Active RAG Chat with Hallucination Mitigation

Project Overview

This project presents an "Active Retrieval-Augmented Generation (RAG)" chat application built with Streamlit, specifically designed to address and mitigate the challenge of hallucination in Large Language Model (LLM) responses. Inspired by the methodology outlined in the research paper "Active Retrieval Augmented Generation", this implementation extends the RAG paradigm by introducing a dynamic, iterative self-correction mechanism.
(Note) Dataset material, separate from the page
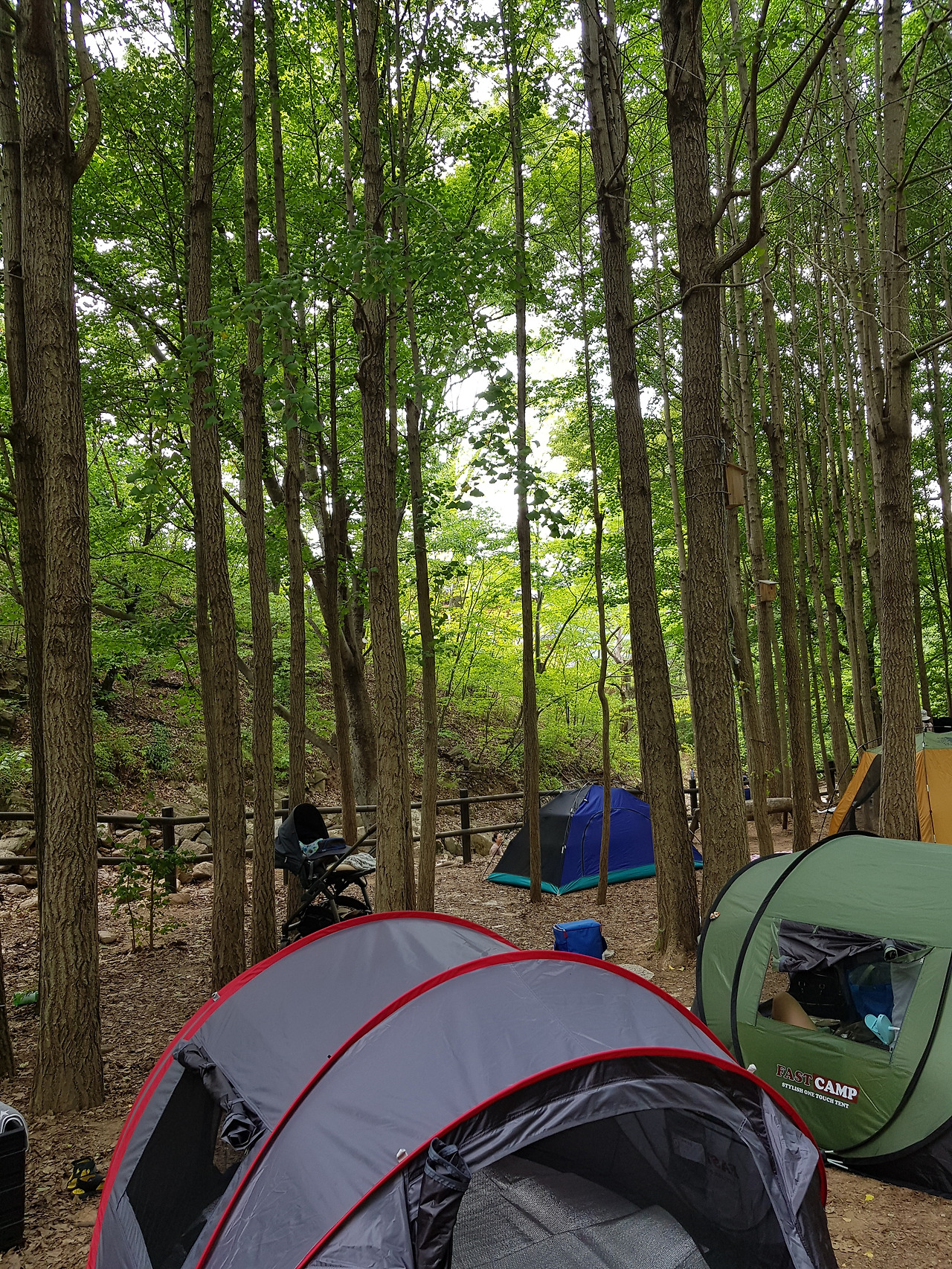 텐트를 치고 소박하게 휴일을 보내는 사람들이 있는 숲의 벤치에서 물을 마시고 잠시 초록빛을 즐겼다.

The core idea is to enhance the factual accuracy and reliability of LLM-generated answers by integrating real-time validation against external knowledge sources. The application provides a transparent view into this "thinking process," allowing users to observe the AI's internal validation steps. Alongside the interactive chat, an accompanying evaluation script is included to quantitatively assess the effectiveness of this active hallucination mitigation strategy.

Features

Interactive Chat Interface: A responsive front-end built with Streamlit.
Active RAG Pipeline: Implements a novel, multi-step iterative process for generating and validating LLM responses.
Hallucination Mitigation: Significantly reduces the generation of factually incorrect or unverified information by the LLM.
Transparent Thinking Process: Users can expand a dedicated section within each AI response to view the detailed steps of sentence generation, keyword extraction, validation question formulation, external retrieval, and rechecking.
External Knowledge Integration: Utilizes Google Custom Search Engine (CSE) for real-time information retrieval and factual validation.
LLM Backbone: Powered by gemini-2.0-flash-lite for both content generation and validation tasks.
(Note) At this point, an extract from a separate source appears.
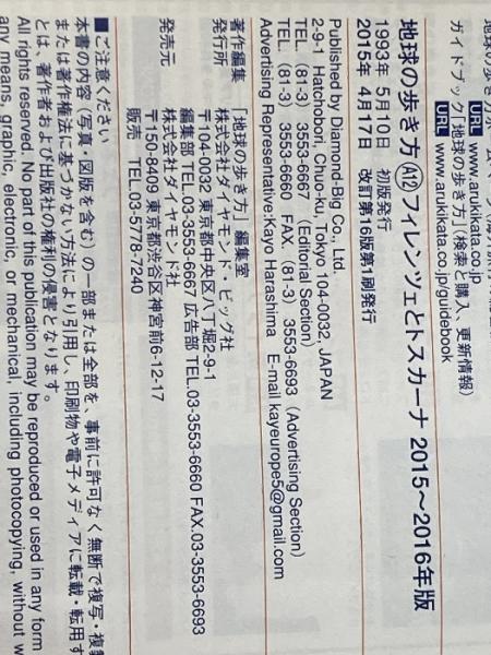 A12 地球の歩き方 フィレンツェとトスカーナ 2015~2016 ダイヤモンド・ビッグ社 地球の歩き方編集室

How It Works: The Active RAG Pipeline

The heart of this project is a sophisticated, iterative RAG pipeline designed to build and validate answers sentence by sentence. This process involves multiple interactions with the LLM and an external search engine:

Sentence-by-Sentence Generation: The LLM (gemini-2.0-flash-lite) is prompted to generate the answer to the user's question one sentence at a time, building upon the previously generated context.
Keyword and Concept Extraction: From each newly generated sentence, the LLM identifies and extracts 2-5 main topics, keyphrases, or factual claims that require verification.
Validation Question Generation: The LLM then formulates specific, relevant questions around these identified concepts. These questions are designed to be answerable by an external search and to help determine the factual correctness of the original generated sentence.
External Retrieval (Google CSE): The generated validation questions are used to query a Google Custom Search Engine (CSE). The search results (snippets) provide external evidence.
LLM-based Validation: Another instance of the LLM (gemini-2.0-flash-lite, potentially configured with a separate API key for clear separation of roles) takes the validation question and the retrieved snippets. It then determines whether the original claim in the generated sentence is supported by the external evidence, providing a "Yes" or "No" and a brief explanation.
Sentence Correction/Refinement: Finally, the LLM uses these validation results to "recheck" and, if necessary, correct the original generated sentence. If a claim is found to be unverified or incorrect, the sentence is revised to ensure factual accuracy before being added to the final answer.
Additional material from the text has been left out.